Akibatnya konsep bersabar dan mengalah menjadi tidak relevan ketika pertarungan harus dimenangkan. Sebaliknya ungkapan yang sangat populer dalam tiap kontestasi politik, "Lebih baik menang curang daripada kalah terhormat".

Seberapa relevan sebenarnya anjuran saling menghormati dan tidak mengumbar kelemahan atau kekurangan lawan politik di ruang publik?

Dalam berkampanye, mengumbar kelemahan serta kekurangan kandidat lain tidak dilarang, bahkan niscaya jika bertujuan untuk mencegah lahirnya pemimpin yang tidak memiliki kapabilitas dan bermasalah. Ketika setiap orang berhak memilih dan dipilih dalam kontestasi politik tidak dibarengi dengan semacam saringan untuk memastikan track record diantara para kandidat justru sangat berbahaya.

Bayangkan jika seseorang dengan reputasi serta prilaku yang buruk justru ditutup-tutupi, hanya karena memiliki banyak uang dan diusung partai politik lalu terpilih menjadi pemimpin lewat proses demokrasi. Bagaimana nasib masyarakat selama lima tahun masa kepemimpinannya? Bagaimana pula dengan legitimasi kekuasaannya jika belakangan prilaku buruknya di masa lalu terbuka ke publik, dan seterusnya.

Hiruk-pikuk pilkada di masa kampanye yang dulunya mudah dijumpai dalam berbagai pawai, rapat umum, konser musik, jalan santai serta berbagai kegiatan yang melibatkan jumlah massa berskala besar yang karena pandemi memaksa para kandidat dan pendukungnya bergeser ke media daring.

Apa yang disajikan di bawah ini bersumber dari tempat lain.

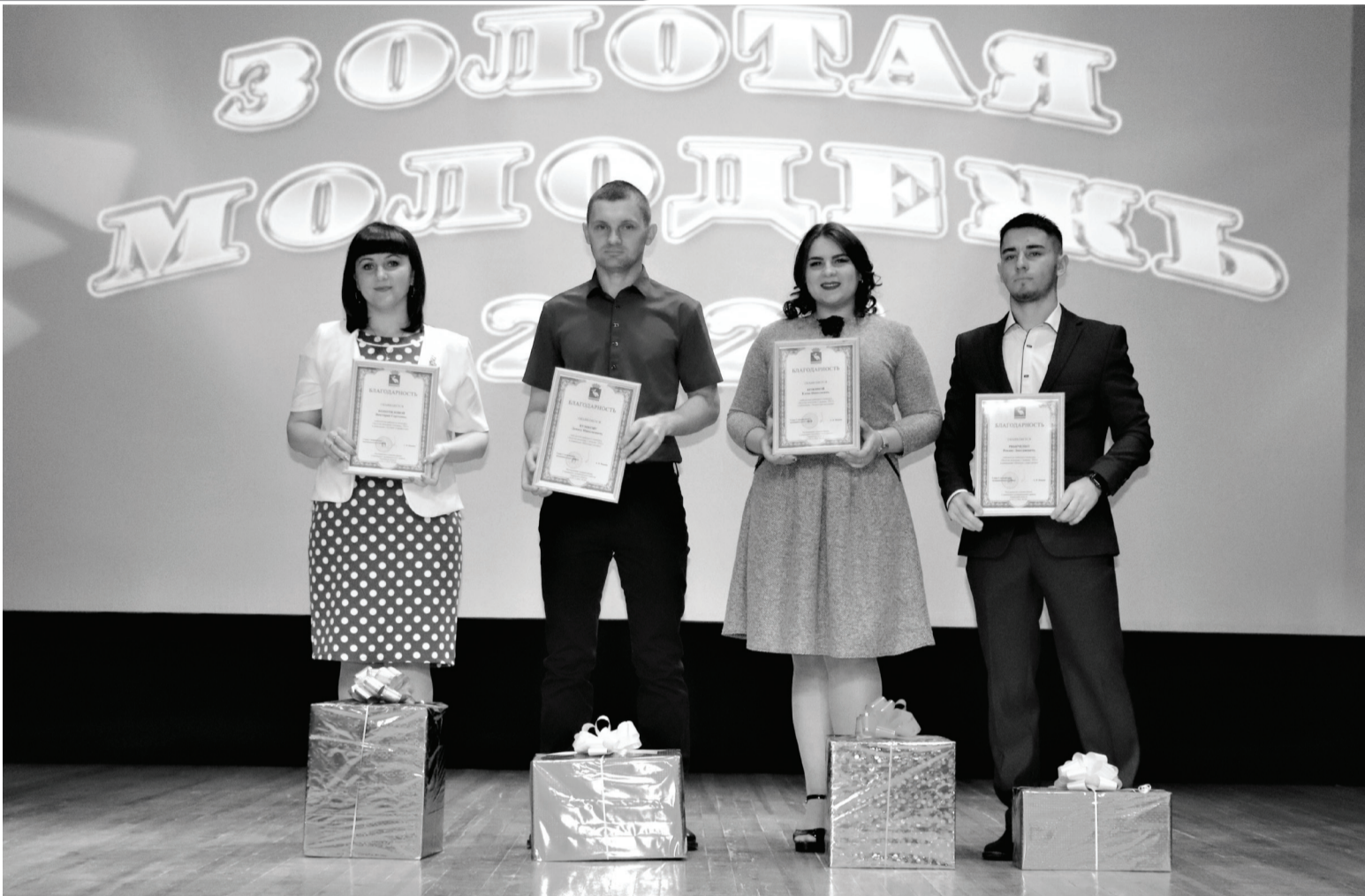
Победители районного конкурса получили заслуженные награды.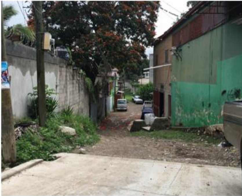
PANORÁMA DE CALLE A PAVIMENTAR CON CONCRETO HIDRÁULICO

Proyecto: Pavimentación de calle con concreto hidráulico, col. San Luis, tercera entrada Código: 1430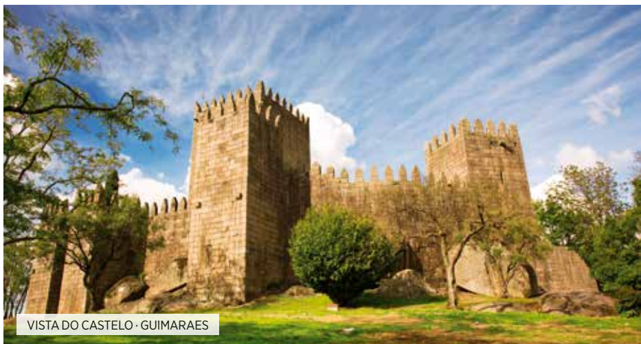
VISTA DO CASTELO · GUIMARAES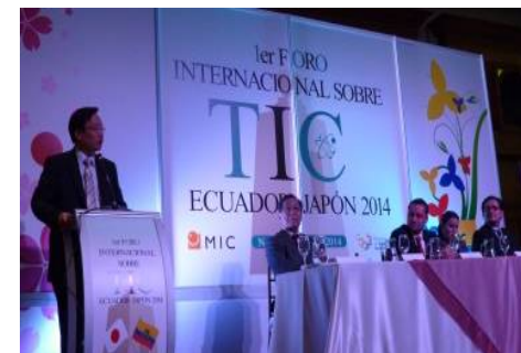
(第1回日・エクアドルICT政策対話)

Seringkali tidak disadari mengumbar kelemahan dan kekurangan calon lain lewat media daring berpotensi bersinggungan dengan Undang-undang Informasi dan Transaksi Elektronik. Namun selama materi kampanye tersebut belum termasuk kategori kampanye hitam dan masih dalam batas kampanye negatif belum bisa dianggap bermasalah.

Perseteruan antara Ilham Arief Sirajuddin yang dianggap representasi DILAN dengan Danny Pomanto (ADAMA) dalam konteks pemilihan Wali Kota Makassar masih jauh dari rumusan kampanye hitam.

Meskipun demikian sulit untuk tidak mengatakan kalau materi yang diperdebatkan keduanya masih terjebak euforia dan belum menyentuh subtansi permasalahan yang dihadapi pemilih serta agenda jangka panjang demi peningkatan kualitas hidup masyarakat.

Performa demokrasi yang lebih mengedepankan suasana pentas yang gegap-gempita layaknya sebuah festival atau pasar malam yang oleh Joseph Schumpeter diberi label "demokrasi pasar malam". Dalam "demokrasi pasar malam" para kandidat berlomba merebut dukungan pemilih dengan menawarkan kebutuhan jangka pendek.

Dalam gempita pasar malam atau festival, publik terjebak dalam euforia hingga abai terhadap subtansi kampanye kandidat yang melenceng jauh dari problem dasar yang sedang dihadapi pemilih. Akibatnya ketika kampanye konvensional karena situasi pandemi bergerak ke ranah daring otomatis efek euforia ikut bergeser ke dunia maya tanpa diikuti peningkatan kualitas wacana.

Berisiknya kehidupan berdemokrasi kita yang tercermin di masa-masa kampanye masih lebih baik dibanding praktik otoritarianisme berseragam demokrasi selama orde baru berkuasa.